University of Arizona
Environmental fluids migrate at velocities of many scales, influenced by many factors at
a multiplicity of scales. Due to difficulties in predicting exact motions of water molecules, and consideration
of the scale of our interests (bulk behaviors of many molecules), Fick’s law (diffusion concept) has been
developed for predicting solute diffusion process in space and time. Further, G.I. Taylor (1921) demonstrated
that the random motion of the molecules reaches the Fickian regime in less a second and will reach the ergodic
condition if our sampling scale is large enough. Fick’s law is widely accepted for describing molecular
diffusion as such. This fits the definition of the parsimony principle at the scale of our concern.
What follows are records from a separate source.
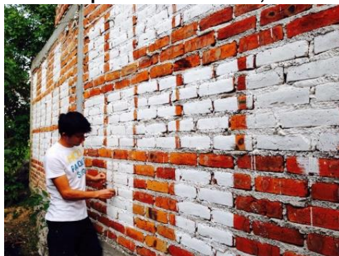
Figura 1. Muro de tabique rojo utilizado para ensayar las pinturas base cal. Establecido a la intemperie en Salvatierra, Gto.

Un análisis no presentado, hizo que la investigación avanzara sobre una única formulación de pintura, dirigiendo el trabajo sobre la que implicó el uso de adhesivo de nopal. Esta formulación fue optimizada en sus ingredientes tan solo tres y el solvente (agua), ver tabla 2. En la tabla se presenta la formulación final, que brindó el mejor desempeño en calidad de pintura, incluso frente a las comerciales base agua de mediana calidad.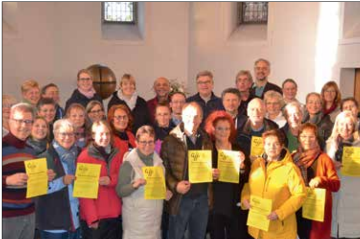
Der Haller Gospelchor GAM probt bereits fleißig für sein bevorstehendes Weihnachtskonzert

Die neue Konzertreihe des Haller Gospelchores GAM beginnt weihnachtlich. GAM bittet Gäste, Freunde und Verwandte zum ebenso besinnlichen wie schwungvollen Weihnachtskonzert Samstag, 10. Dezember um 18 Uhr in die katholischen Herz-Jesu-Kirche in Halle. Dafür haben die Chormitglieder schon seit September fleißig Weihnachtslieder geprobt - und das bei wenig winterlichen Temperaturen. Am vergangenen Samstag wurde mit einem Probenstag der Endspurt eingeläutet. Alle Stücke wurden noch einmal kräftig geübt, so dass in den nächsten Wochen bis zum Konzert nur noch der Feinschliff nötig ist. Geplant ist ein gut einstündiges Programm unter der Leitung von Mi-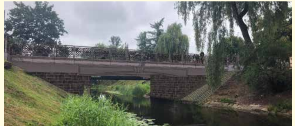
Wizualizacja przebudowy mostu Benedyktynskiego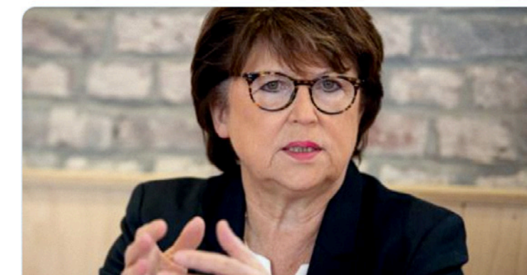
Municipales 2020 à Lille : Martine Aubry (PS) candidate à un quatrième mandat lavoixdunord.fr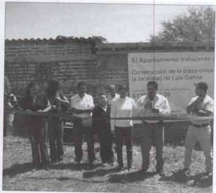
-Construcción de Plaza Cívica en la localidad de "Luis García" 2,177.40 m 2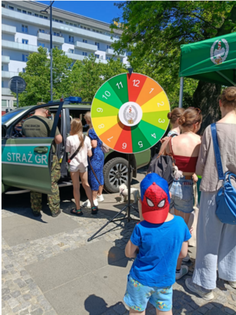
Straż Graniczna w bezpiecznym Śródmieściu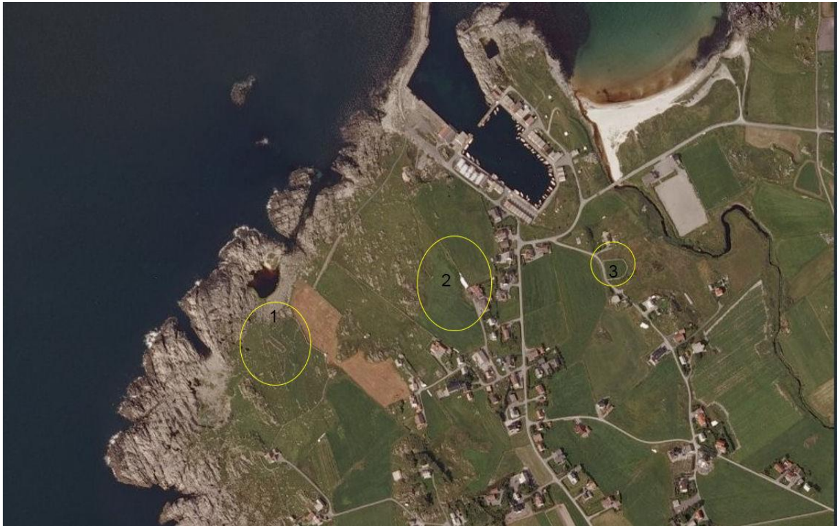
1. Naustanlegg m. naust, båtopptrekk, båtstø. 2. Område for "Kongsborgen" 3. Middelalderkirkegård

Segna fortel vidare at frå staden der Ferking er gravlagd, kan ein sjå Fløskjer nordanom Ur. Nokon nærare fastsetting av gravstaden gir ikkje segna, men folk har tenkt seg at Ferking ligg gravlagd i den store gravrøysa på Kvilhaug. Herifrå hadde sjøkongen fritt utsyn over sjøen så langt auga rakk, han kunne sjå heim til garden sin og han kunne sjå skjæret nordanom Ur som segna fortel om.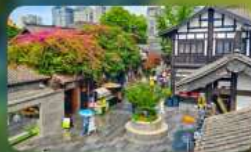
ถนนชอยกวางชอยแคบ

Similarly, advection-dispersion or convection-dispersion equation (ADE or CDE) generally has been found
suitable for predicting solute concentration breakthroughs in uniformly packed soil columns. This is due
to the fact that the solute is released over the entire cross-section of the column, and it thus has
encountered many pore-scale heterogeneities and met the ergodicity assumption. Further, the uniformly
packed column contains a large number of stationary pore-size heterogeneity. The solute thus can reach
the Fickian regime after traveling a short distance along the column. Besides, observed breakthrough
curves are the concentrations integrated over the column cross-section (the scale of our interest), and
they meet the ergodicity assumption embedded in the ADE and CDE.
On the contrary, scales of heterogeneity in most groundwater pollution problems evolve as contaminants travel. They are much larger than the scale of our observations and our interests. The ergodic and the Fickian conditions are thus difficult to be met. Upscaling and modifying Fick’s law for solute dispersion, and deriving universal scaling rules of the dispersion for the field- or basin-scale pollutant migrations are merely misuse of the parsimony principle. They create red herrings and fake sciences ( i.e., the development of theories for predicting processes that can not be observed.) The appropriate principle of parsimony for these situations is to map large-scale heterogeneities as detailed as possible (or to the scale of our observations and interests) and to adapt Fick’s law for effects of small-scale heterogeneity resulting from our inability to characterize them at high resolutions.
Biography
Dr. Yeh is a Professor in the Department of Hydrology and Atmospheric Sciences at the University of Arizona. His recognition of the multi-scale variability of hydrologic processes and properties as well as the scale of models and observations has led him to challenge the traditional analyses of aquifer tests and guided us to an understanding of the ensemble mean nature of Darcy’s and Fick’s laws. Further, he stressed the disparity in scales of the model, observations, objectives and the lack of necessary conditions are the roots of uncertainty (nonuniqueness) in forward and inverse solutions. As such, he promotes stochastic analysis and data collection. These are major breakthroughs in not only hydrologic sciences but in other areas. More importantly, his philosophy--intelligent collection and analysis of data and his pioneering work on the successive linear estimator, have blossomed into hydraulic tomography (HT)---a revolution in aquifer characterization. It has motivated the developments and validations of HT (resulting in many papers by various researchers worldwide). Besides, Yeh has fostered the application of geostatistics in other fields related to hydrologic sciences. For example, the application of stochastic concepts and techniques to the study of effects of heterogeneity on slope stability, on the evolution of piping erosion along river levees as well as on detecting blockages in viscoelastic pipelines. Recently, he published a groundbreaking textbook, Flow Through Heterogeneous Geologic Media. It articulates multi-scale variability and scale issues in hydrologic sciences and elucidates the necessity and usefulness of stochastic theories to both academics and practitioners.